[Activity] An exact reproduction of the lines below, from the first through the one with "Figure 2: Stake", is the whole answer; pictures have no place in it.

[Entries supplied]
* * *
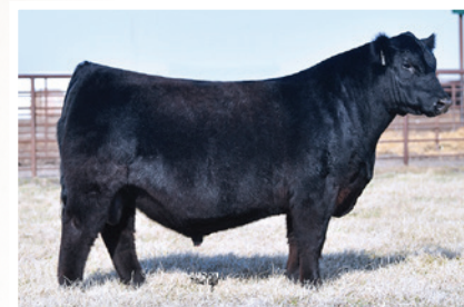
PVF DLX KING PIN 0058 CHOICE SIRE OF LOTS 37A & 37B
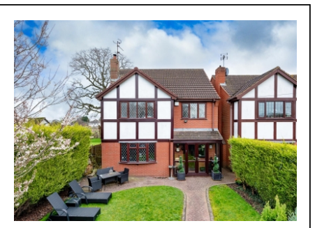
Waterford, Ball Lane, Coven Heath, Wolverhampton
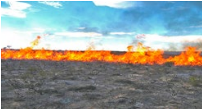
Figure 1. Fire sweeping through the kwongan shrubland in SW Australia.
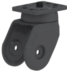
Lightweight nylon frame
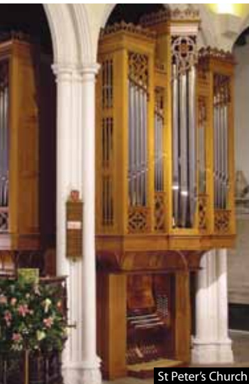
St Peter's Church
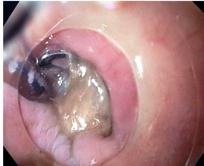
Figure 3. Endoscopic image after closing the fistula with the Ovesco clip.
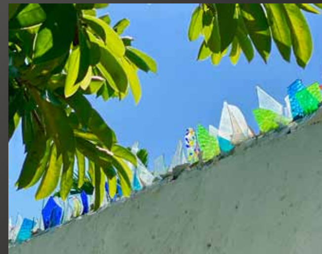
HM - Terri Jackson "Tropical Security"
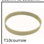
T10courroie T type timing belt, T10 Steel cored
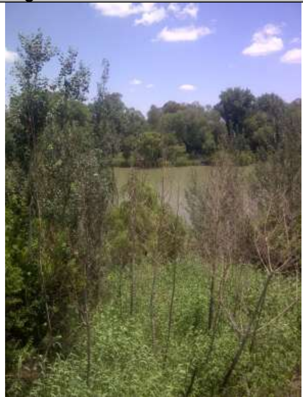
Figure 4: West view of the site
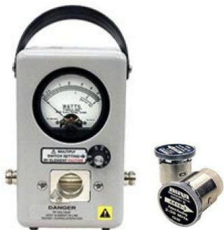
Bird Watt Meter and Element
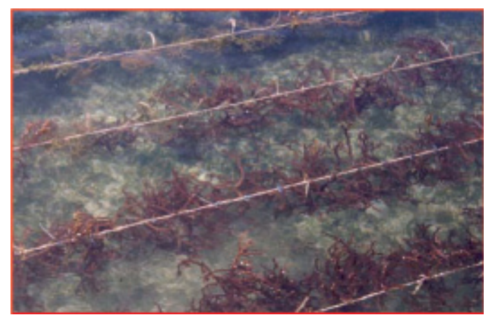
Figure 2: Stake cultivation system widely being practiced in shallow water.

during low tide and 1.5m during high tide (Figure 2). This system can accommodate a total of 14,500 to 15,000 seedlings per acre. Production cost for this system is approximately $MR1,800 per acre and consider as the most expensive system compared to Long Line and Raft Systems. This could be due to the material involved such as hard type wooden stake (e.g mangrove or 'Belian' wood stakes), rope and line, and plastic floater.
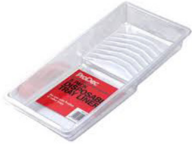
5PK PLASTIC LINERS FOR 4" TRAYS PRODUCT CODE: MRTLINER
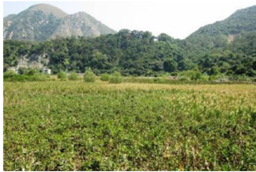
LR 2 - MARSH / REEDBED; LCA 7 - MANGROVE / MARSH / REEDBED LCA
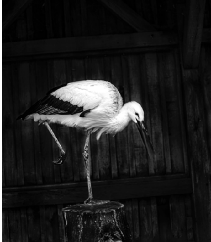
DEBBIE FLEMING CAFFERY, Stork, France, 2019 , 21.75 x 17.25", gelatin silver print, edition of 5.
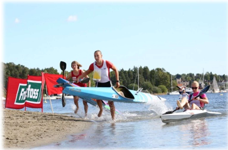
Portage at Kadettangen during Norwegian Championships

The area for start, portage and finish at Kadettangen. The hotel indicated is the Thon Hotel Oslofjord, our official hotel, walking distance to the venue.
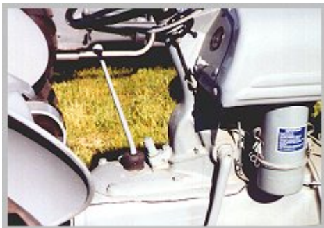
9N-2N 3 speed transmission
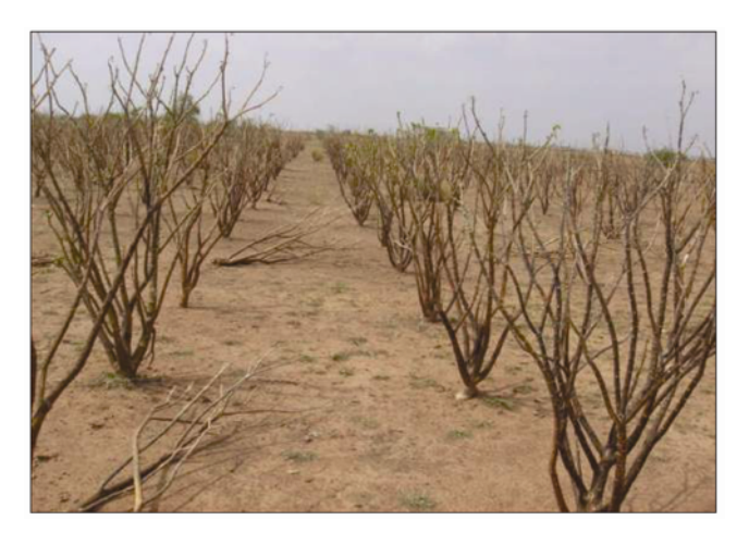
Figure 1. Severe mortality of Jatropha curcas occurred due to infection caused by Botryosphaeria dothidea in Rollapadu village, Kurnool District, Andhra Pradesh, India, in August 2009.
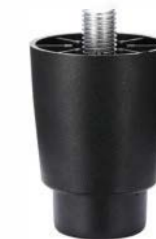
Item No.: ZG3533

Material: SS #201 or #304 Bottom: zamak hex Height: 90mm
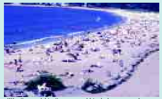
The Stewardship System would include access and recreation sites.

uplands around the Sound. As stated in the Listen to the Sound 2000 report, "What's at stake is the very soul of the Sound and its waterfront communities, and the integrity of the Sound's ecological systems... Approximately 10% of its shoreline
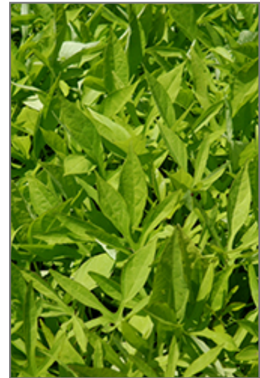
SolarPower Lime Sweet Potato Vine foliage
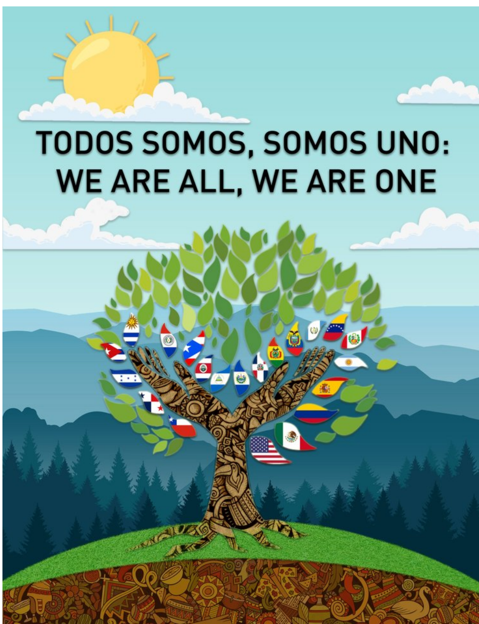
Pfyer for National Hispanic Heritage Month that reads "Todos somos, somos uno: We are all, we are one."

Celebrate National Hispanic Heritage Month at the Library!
* * *
[Result of the exercise]
PVF DLX KING PIN 0058 CHOICE SIRE OF LOTS 37A & 37B
Waterford, Ball Lane, Coven Heath, Wolverhampton
Figure 1. Fire sweeping through the kwongan shrubland in SW Australia.
Lightweight nylon frame
St Peter's Church
Figure 3. Endoscopic image after closing the fistula with the Ovesco clip.
HM - Terri Jackson "Tropical Security"
T10courroie T type timing belt, T10 Steel cored
Figure 4: West view of the site
Bird Watt Meter and Element
Figure 2: Stake cultivation system widely being practiced in shallow water.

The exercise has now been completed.